Мишина мама развела руками, сказала:
— Вещица получится в точности, как на твоём рисунке. Горловину накроем. Вышивка будет хорошо смотреться вот на этом месте; или вот тут. Учебники здесь поместятся. И длину лямок легко можно будет настроить. Всё, как ты и хотел. Моей невестке понравится!
Надежда Сергеевна испуганно пискнула, прижала руку ко рту. Взглянула на меня с ужасом, словно разболтала жуткую тайну. Я не сдержал усмешку. Покачал головой. Надя Иванова сложила брови домиком — будто нашкодивший маленький ребёнок.
— Кому понравится? — переспросил я.
— Зое понравится, — произнесла Надя. — Разве я не так сказала?
Я посмотрел на «нижнюю половину Зоиного рюкзака». Внутри сумки обнаружил ярлык с печатью. Прочёл: «ПО „Спутник“. Сумка женская. Первый сорт». На той же печати увидел номер модели и даже цену. Надин подарок производитель оценил в восемь рублей и семьдесят девять копеек. Я тут же прикинул, сколько денег осталось в моём личном бюджете — вздохнул, что не укрылось от внимания Мишиной мамы. Надежда Сергеевна заверила меня: деньги на «хорошее дело» у нас найдутся. Указала на вазу, что служила хранилищем наших семейных капиталов. А я подумал, что часть лежавших едва ли не на виду купюр не мешало бы перепрятать.
Я поинтересовался, где можно купить вторую такую же «красавицу-сумку». Надежда Сергеевна «послала» меня в «Универмаг». Куда я во вторник после уроков и отправился, отказавшись от компании Зои Каховской (девочка обиделась, когда я не взял её с собой в магазин). В «главном» магазине нашего района уже днём было не протолкнуться (я вообразил, как многолюдно тут будет в конце рабочего дня). И только здесь я обнаружил полноценную новогоднюю атмосферу: повсюду блестели новогодние украшения, сверкали гирлянды, на витринах красовались стеклянные шары, а под ногами толп покупателей я дважды заметил мандариновые корки.
Увидел я на стене за прилавком и цель своего визита: ту самую «олимпийскую» сумку.

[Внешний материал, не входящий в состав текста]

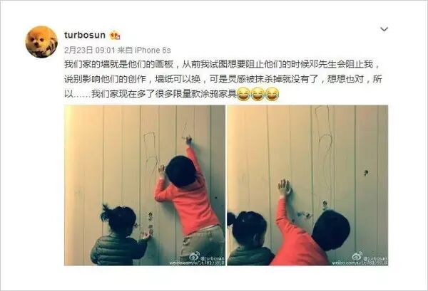 事情是这样的,”娘娘“孙俪在微博上发了几张等等和小花妹妹在墙壁上画画的照片。文中邓叔叔表示不能阻止孩子们创作的精神。此微博发表后,立马成为广大网友们争论的话题。
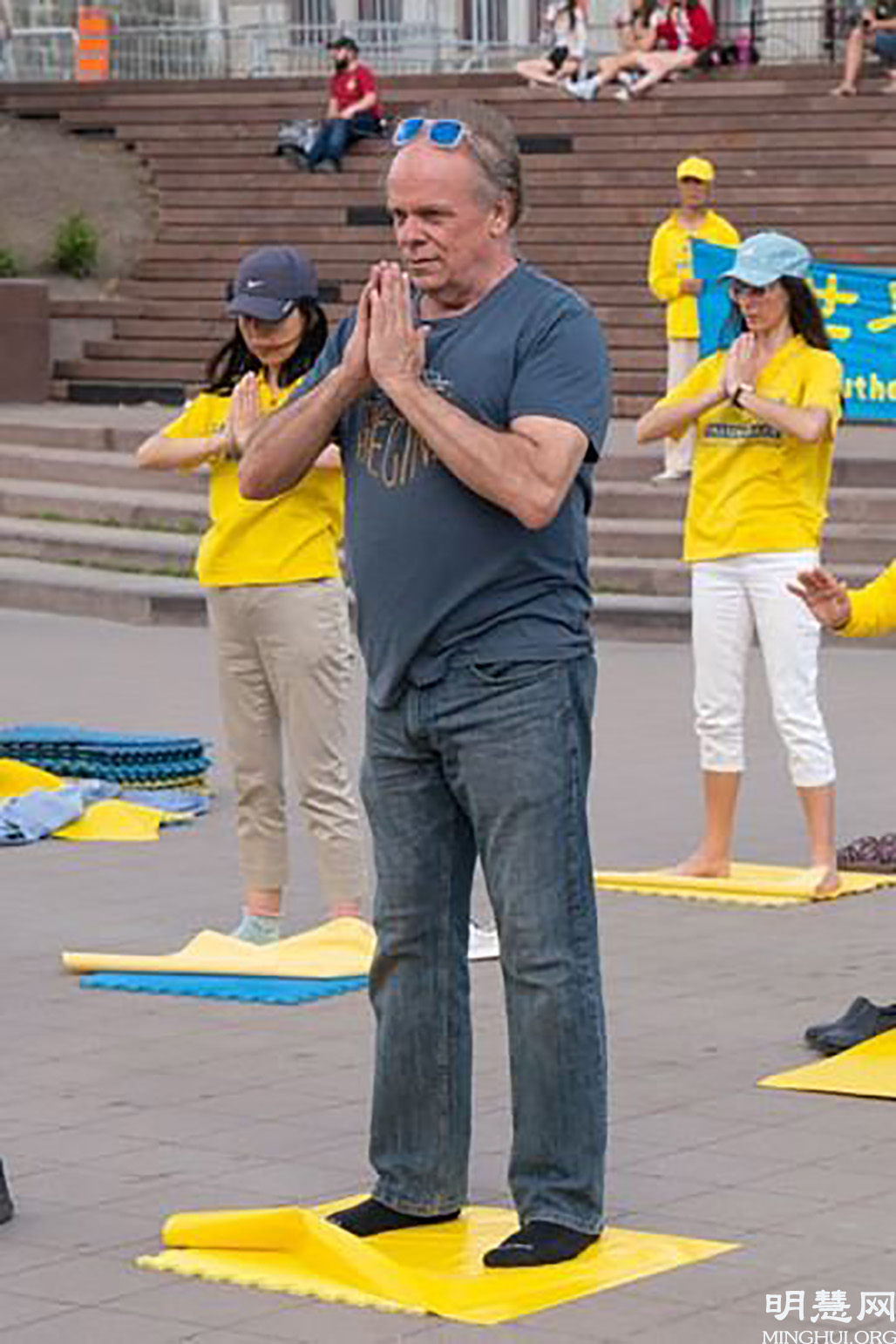 退休消防队员圣洛朗(Daniel St-Laurent)加入了炼功队列,跟着学炼了法轮功的第一至第四套功法。
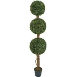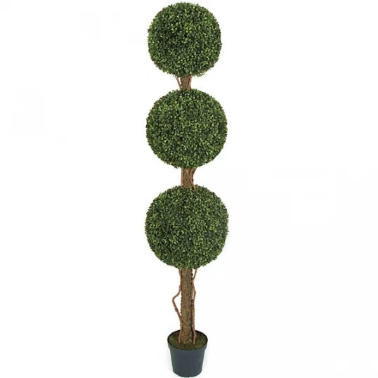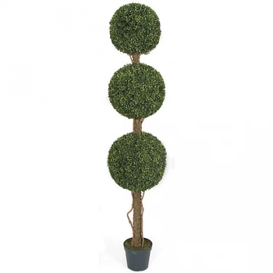 60 inch Artificial Outdoor Boxwood Triple Ball Topiary: Potted

И даже не одну — в трёх вариантах расцветок (с похожими кольцами-логотипами на боках). Я удивлённо хмыкнул. Подумал: либо у советских граждан всё ещё не ослабела тяга к спортивной символике, либо наша промышленность с необъяснимым упорством эту «тягу» им навязывала. Я не попросил у продавцов отдела скидку на «устаревшую и вышедшую из моды» модель. Было неловко о чём-либо вообще просить этих важных и занятых людей (гнал бы таких работников взашей, будь я владельцем или директором этого магазина). Пробил на кассе чек (отстояв получасовую очередь).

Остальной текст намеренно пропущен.